- Promotional release poster
- Directed by: Thamizh
- Written by: Perumal Murugan
- Produced by: Pa. Ranjith
- Starring: Manikkam; Ashwin; Prasanna Balachandran; Savithri;
- Cinematography: Pratheep Kaliraja
- Edited by: C. S. Prem Kumar
- Music by: Bindu Malini
- Production company: Neelam Productions
- Distributed by: SonyLIV
- Release date: 27 May 2022;
- Country: India
- Language: Tamil

= Seththumaan =

2022 Tamil language drama film

Seththumaan is a 2022 Indian Tamil-language drama film written and directed by Thamizh. The film features Manikkam, Ashwin, Prasanna Balachandran and Savithri, and was released on 27 May 2022.

==Production==
The film marked the directorial debut of Thamizh, who had earlier worked as an assistant director in films such as Pattalam (2009) and Biryani (2013). Thamizh worked on a number of scripts but failed to successfully pitch them into film projects. He later watched the Malayalam film, Ozhivudivasathe Kali (2015), which helped him believe that he could make a project on a minimal budget. He has then inspired to make Seththumaan, based on Tamil writer Perumal Murugan's short story Varugari. The film concerns the relationship of a grandfather and his grandson, while taking an incisive look at the politics of caste and meat.

Thamizh hoped to make the film on a budget of 6 lakh rupees, but soon found himself unable to even meet the rental cost of the camera equipment. He later approached Pa. Ranjith for financial help, who opted to help produce the film.

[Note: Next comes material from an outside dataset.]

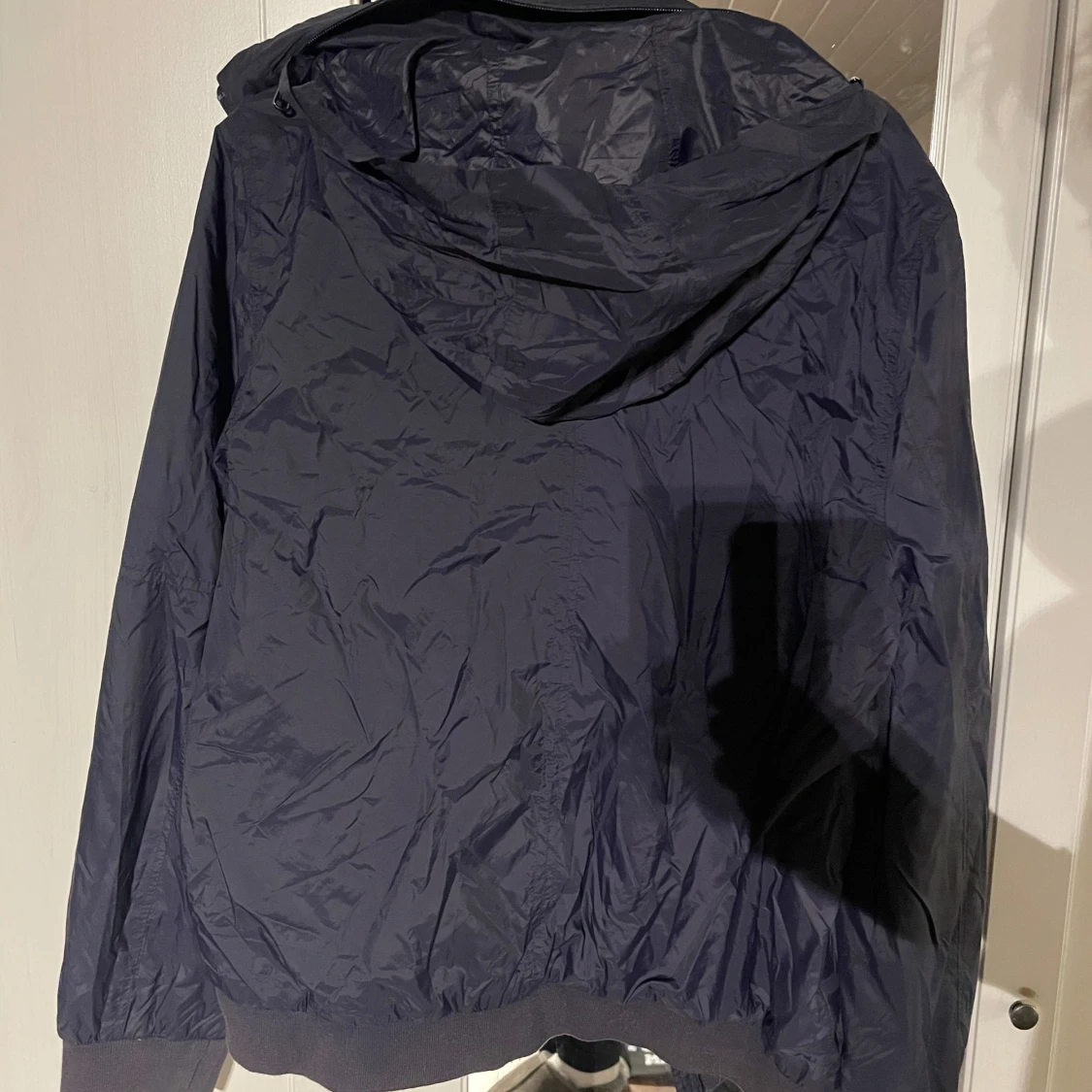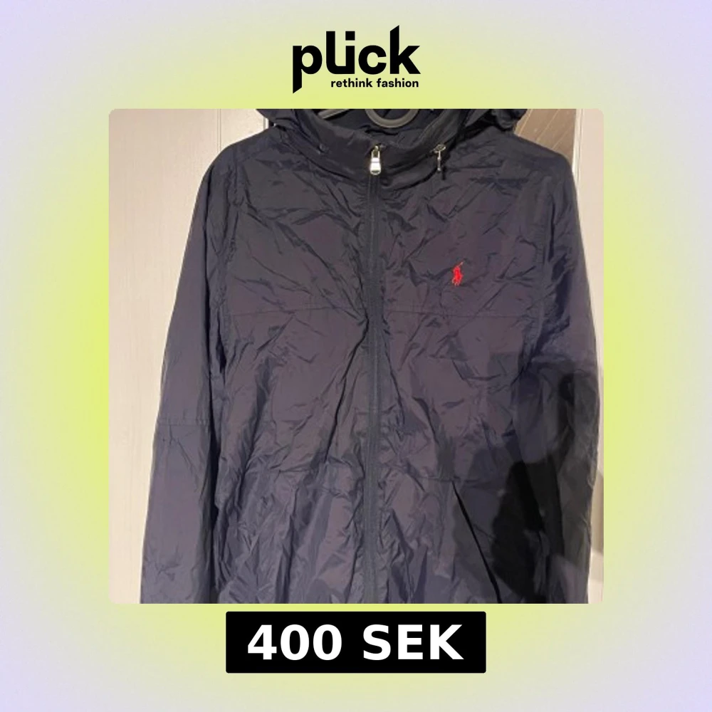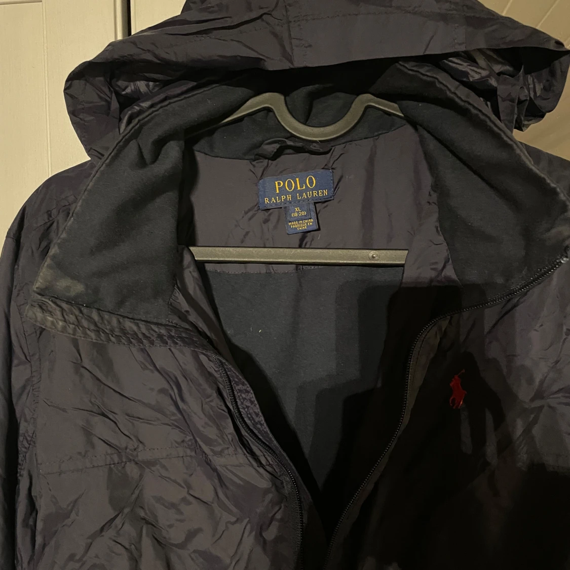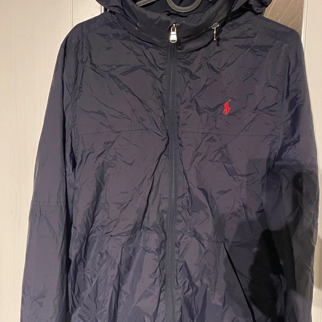 Snygg mörkblå vindjacka från Ralph Lauren med dragkedja och huva. Jackan har en liten röd logotyp på bröstet och är perfekt för blåsiga dagar. Den är lätt och smidig att bära med sig.

Prior to its release, the film was premiered and received accolades at film festivals including the International Film Festival of Kerala and Chennai International Film Festival.

==Reception==
The film was released on 27 May 2022 on SonyLIV. The New Indian Express gave the film a positive review, noting "smartly written dialogues are one of the highlights of Seththumaan, which poses a flurry of questions but doesn't necessarily burden itself with providing answers". Firstpost wrote "Tamizh makes an impressive directorial debut on a film around food and politics", while the Deccan Herald noted that it was a "a hard-hitting take on food politics"..Kavitha Muralidharan of The Hindu noted that " a set of powerful images. Some seemingly celebratory and some poignant." The Quint critic stated that "Seththumaan also makes us realise that even when there is a conflict between two people from the dominant-caste, the marginalised are the ones who bear the brunt." Dinamalar critic gave 2.75 rating out of 5.